Running the same function multiple times and saving results with different names in workspace

So, I built a function called sort.song.
My goal with this function is to randomly sample the rows of a data.frame (DATA) and then filter it out (DATA.NEW) to analyse it. I want to do it multiple times (let's say 10 times). By the end, I want that each object (mantel.something) resulted from this function to be saved in my workspace with a name that I can relate to each cycle (mantel.something1, mantel.somenthing2...mantel.something10).
I have the following code, so far:
sort.song<-function(DATA){
require(ade4)
for(i in 1:10){ # Am I using for correctly here?
DATA.NEW <- DATA[sample(1:nrow(DATA),replace=FALSE),]
DATA.NEW <- DATA.NEW[!duplicated(DATA.NEW$Point),]
coord.dist<-dist(DATA.NEW[,4:5],method="euclidean")
num.notes.dist<-dist(DATA.NEW$Num_Notes,method="euclidean")
songdur.dist<-dist(DATA.NEW$Song_Dur,method="euclidean")
hfreq.dist<-dist(DATA.NEW$High_Freq,method="euclidean")

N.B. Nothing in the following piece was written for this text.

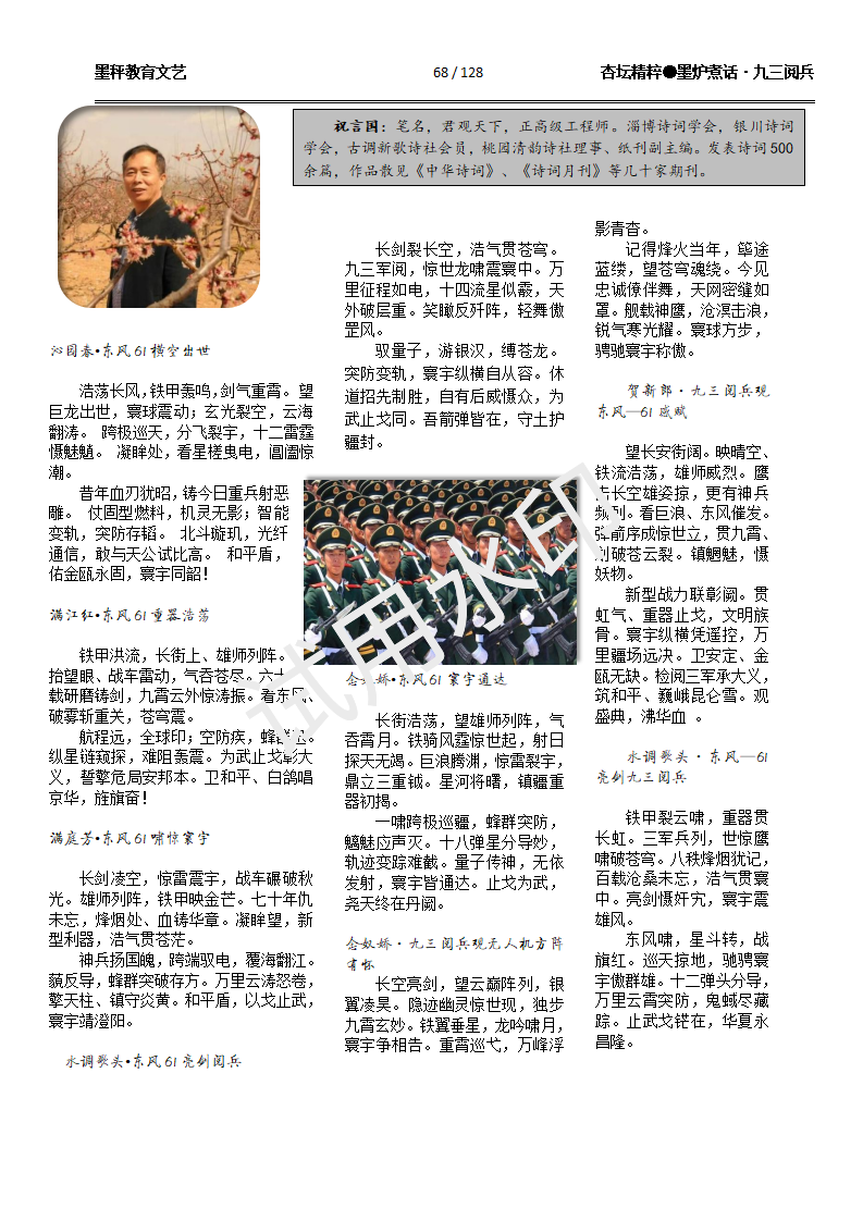 | 祝言国阅兵古体诗词小辑 | |||||

lfreq.dist<-dist(DATA.NEW$Low_Freq,method="euclidean")
bwidth.dist<-dist(DATA.NEW$Bwidth_Song,method="euclidean")
hfreqlnote.dist<-dist(DATA.NEW$HighFreq_LastNote,method="euclidean")

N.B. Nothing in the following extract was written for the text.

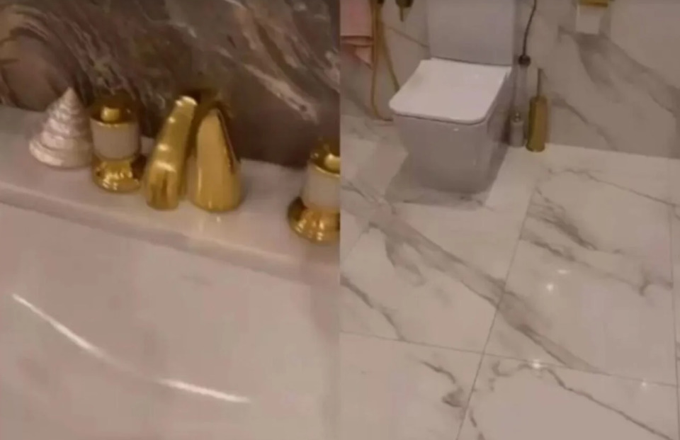 Родзинками стали мармурові поверхні, позолота в деталях, включно зі змішувачами й навіть йоржиком для унітаза.

mantel.numnotes[i]<<-mantel.rtest(coord.dist,num.notes.dist,nrepet=1000)
mantel.songdur[i]<<-mantel.rtest(coord.dist,songdur.dist,nrepet=1000)
mantel.hfreq[i]<<-mantel.rtest(coord.dist,hfreq.dist,nrepet=1000)
mantel.lfreq[i]<<-mantel.rtest(coord.dist,lfreq.dist,nrepet=1000)
mantel.bwidth[i]<<-mantel.rtest(coord.dist,bwidth.dist,nrepet=1000)
mantel.hfreqlnote[i]<<-mantel.rtest(coord.dist,hfreqlnote.dist,nrepet=1000)
}
}
Could someone please help me to do it the right way?
I think I'm not assigning the cycles correctly for each mantel.somenthing object.
Many thanks in advance!
The best way to implement what you are trying to do is through a list. You can even make it take two indices, the first for the iterations, the second for the type of analysis.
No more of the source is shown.